:: AVAILABLE DATA ::

================================

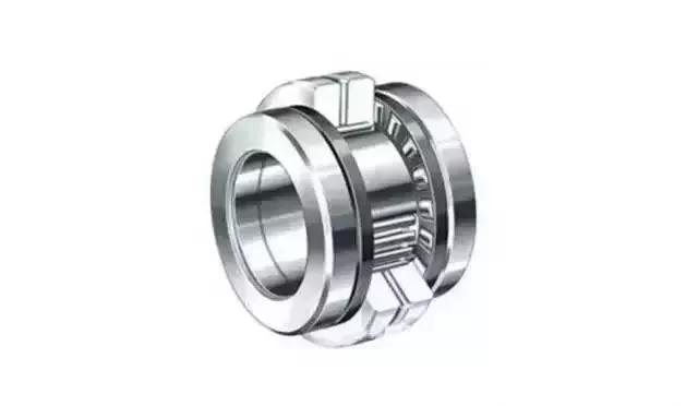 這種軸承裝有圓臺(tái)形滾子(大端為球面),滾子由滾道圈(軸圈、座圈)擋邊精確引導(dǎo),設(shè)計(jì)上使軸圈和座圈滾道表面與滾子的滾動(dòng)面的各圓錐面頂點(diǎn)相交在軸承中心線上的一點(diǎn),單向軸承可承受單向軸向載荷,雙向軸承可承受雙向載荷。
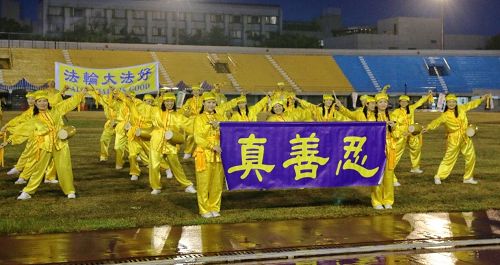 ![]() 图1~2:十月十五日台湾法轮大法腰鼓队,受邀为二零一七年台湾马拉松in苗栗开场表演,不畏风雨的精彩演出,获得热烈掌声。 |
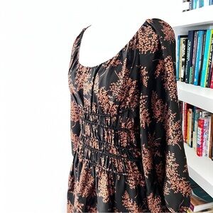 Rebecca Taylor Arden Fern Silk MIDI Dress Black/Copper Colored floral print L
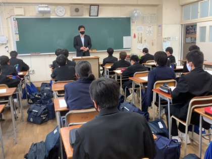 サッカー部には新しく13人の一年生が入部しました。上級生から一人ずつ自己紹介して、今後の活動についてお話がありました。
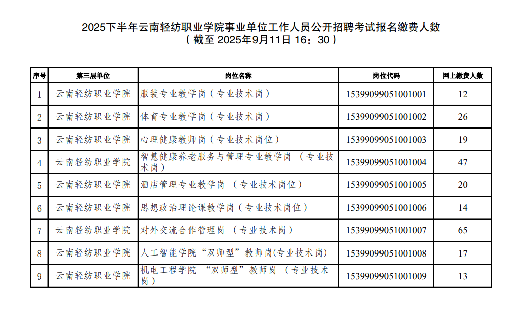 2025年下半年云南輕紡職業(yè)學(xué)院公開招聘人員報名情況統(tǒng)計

================================

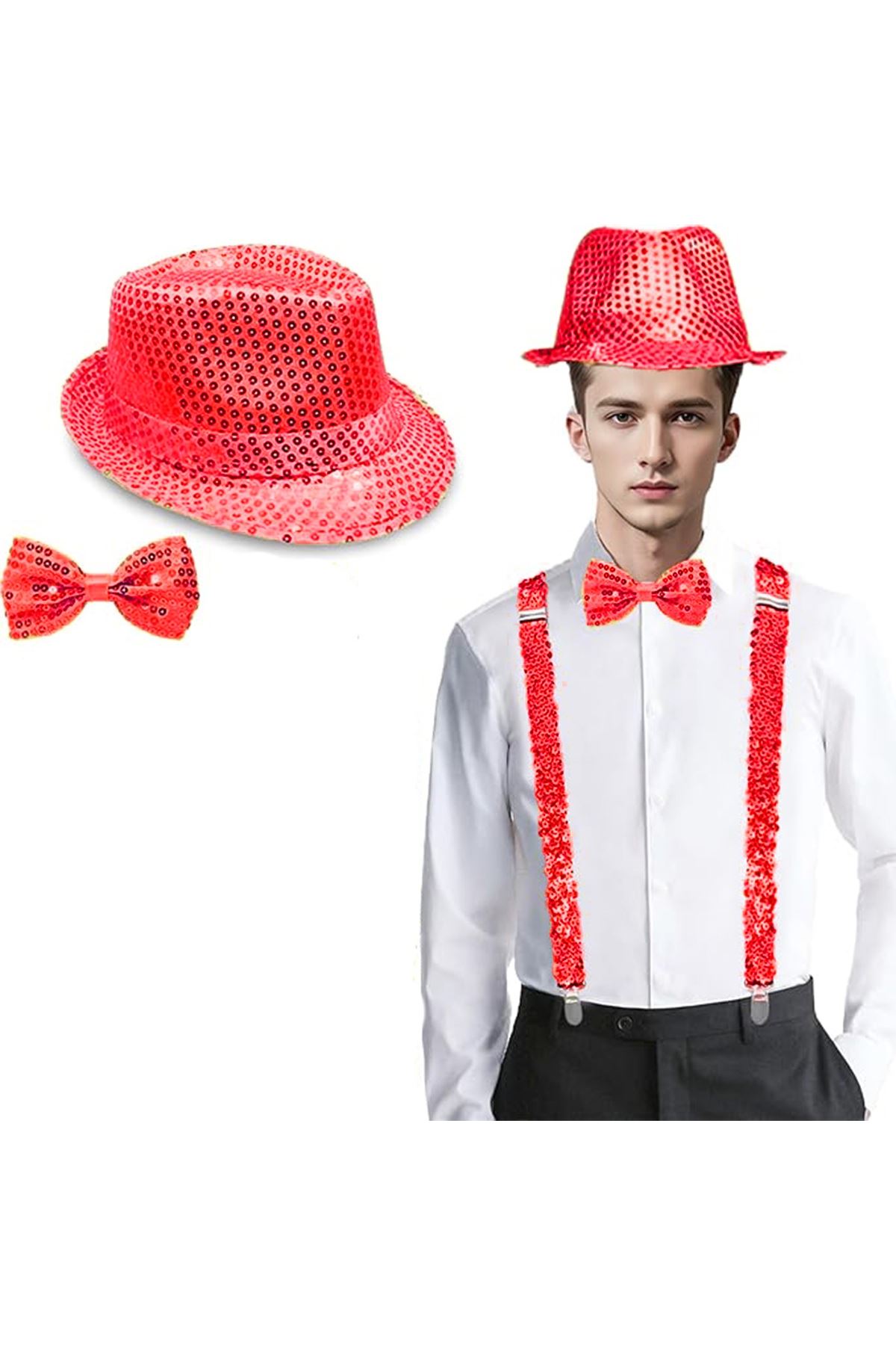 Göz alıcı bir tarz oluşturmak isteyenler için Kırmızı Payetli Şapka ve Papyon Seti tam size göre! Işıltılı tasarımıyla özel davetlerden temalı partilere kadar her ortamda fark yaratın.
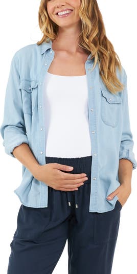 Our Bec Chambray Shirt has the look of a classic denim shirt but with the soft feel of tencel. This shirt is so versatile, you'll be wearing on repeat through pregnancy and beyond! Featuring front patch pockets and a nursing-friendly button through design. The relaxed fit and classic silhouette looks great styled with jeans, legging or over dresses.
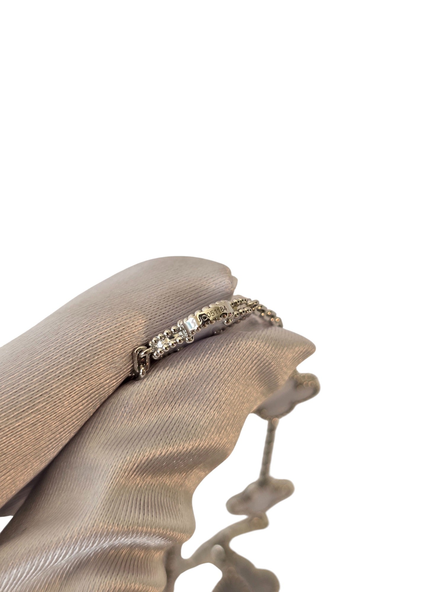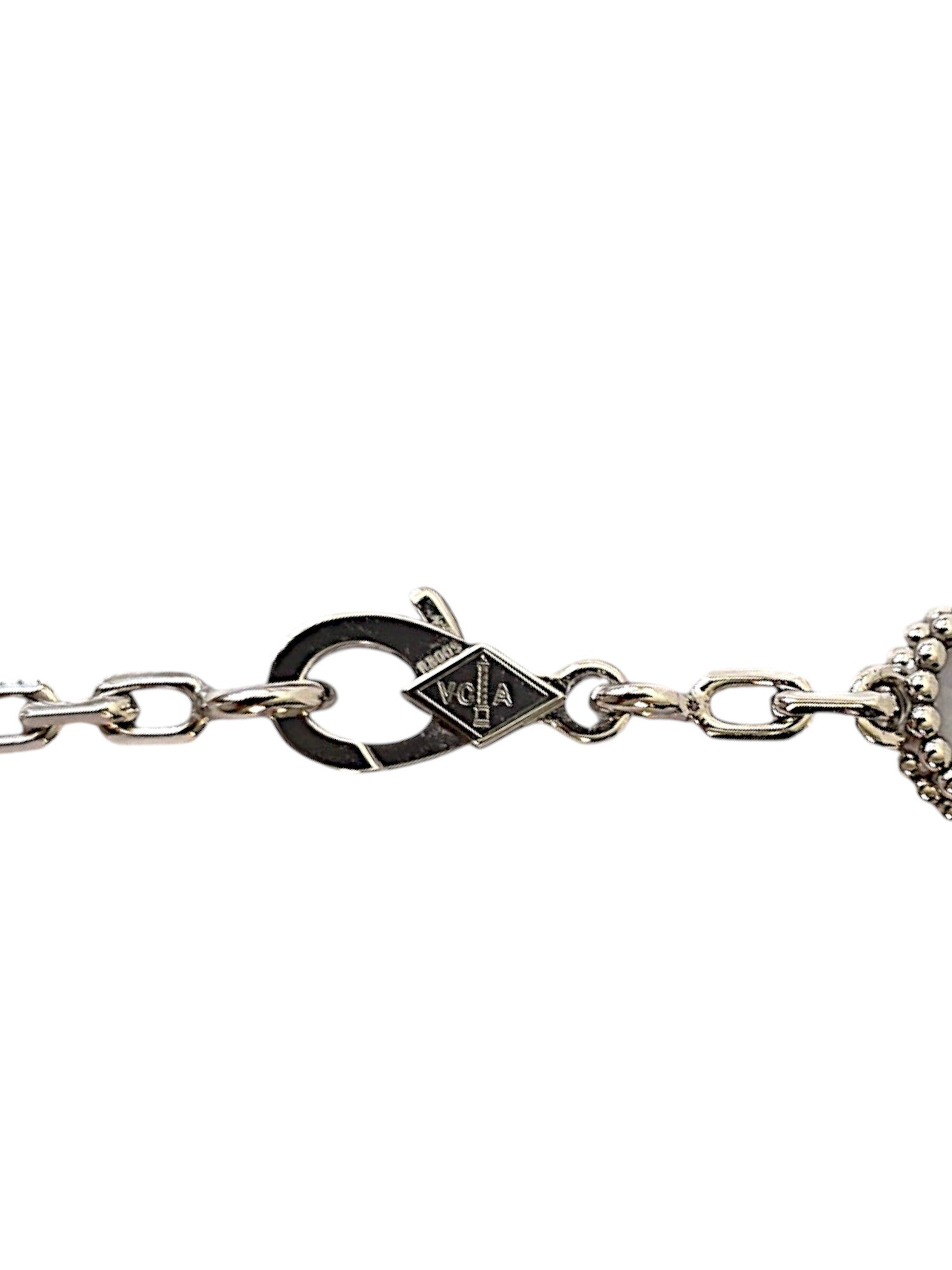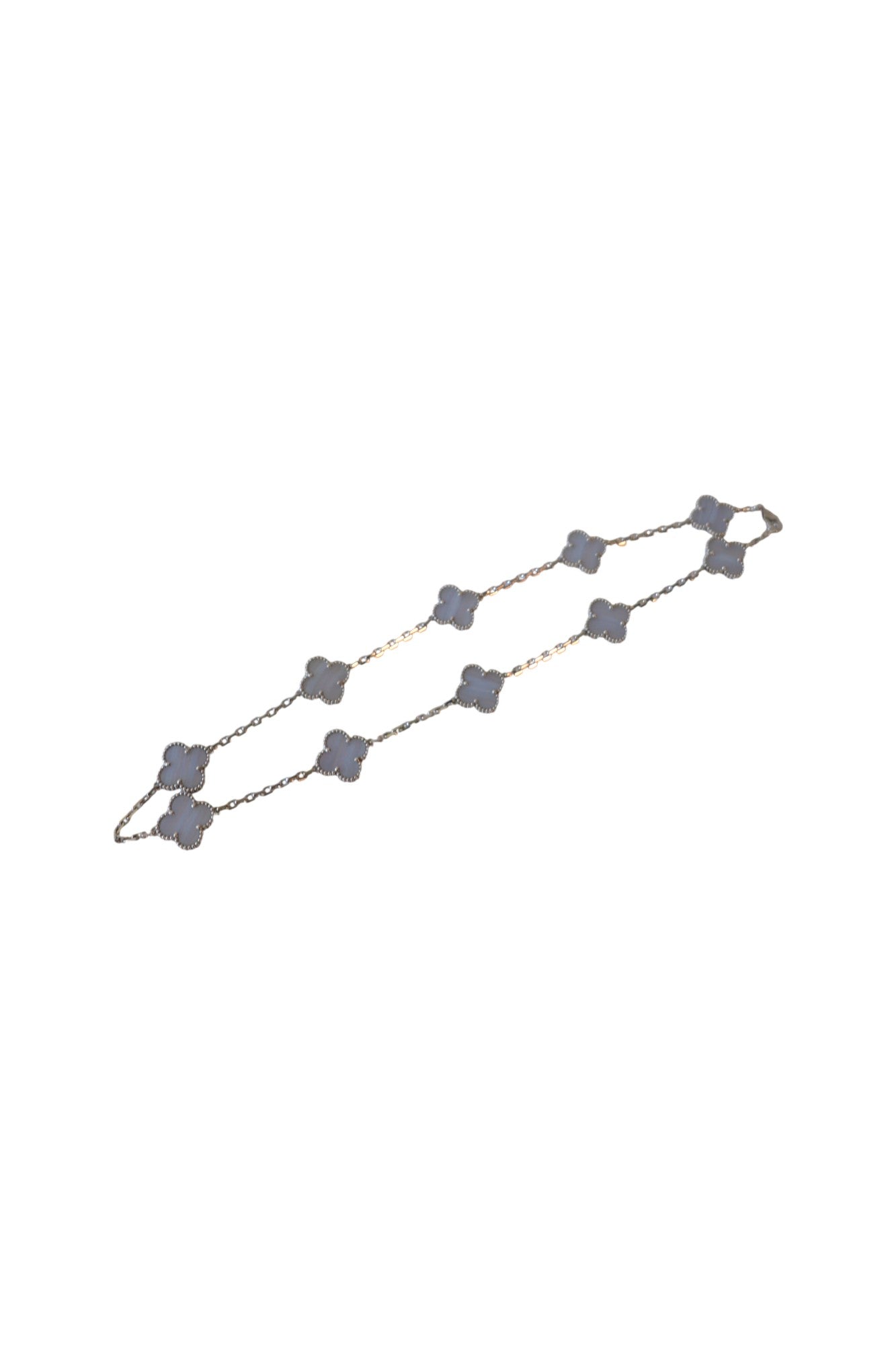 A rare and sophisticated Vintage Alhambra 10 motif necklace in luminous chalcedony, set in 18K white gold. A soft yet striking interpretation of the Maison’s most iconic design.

================================

:: TRY IT ::
Only one stretch of the listing is wanted: the lines starting at the one with "這種軸承裝有圓臺(tái)形" and ending at the one with "2025年下半年云南輕紡職業", copied exactly and free of pictures.

:: OUTPUT OF THE TASK ::
 這種軸承裝有圓臺(tái)形滾子(大端為球面),滾子由滾道圈(軸圈、座圈)擋邊精確引導(dǎo),設(shè)計(jì)上使軸圈和座圈滾道表面與滾子的滾動(dòng)面的各圓錐面頂點(diǎn)相交在軸承中心線上的一點(diǎn),單向軸承可承受單向軸向載荷,雙向軸承可承受雙向載荷。
 ![]() 图1~2:十月十五日台湾法轮大法腰鼓队,受邀为二零一七年台湾马拉松in苗栗开场表演,不畏风雨的精彩演出,获得热烈掌声。 |
 Rebecca Taylor Arden Fern Silk MIDI Dress Black/Copper Colored floral print L
 サッカー部には新しく13人の一年生が入部しました。上級生から一人ずつ自己紹介して、今後の活動についてお話がありました。
 2025年下半年云南輕紡職業(yè)學(xué)院公開招聘人員報名情況統(tǒng)計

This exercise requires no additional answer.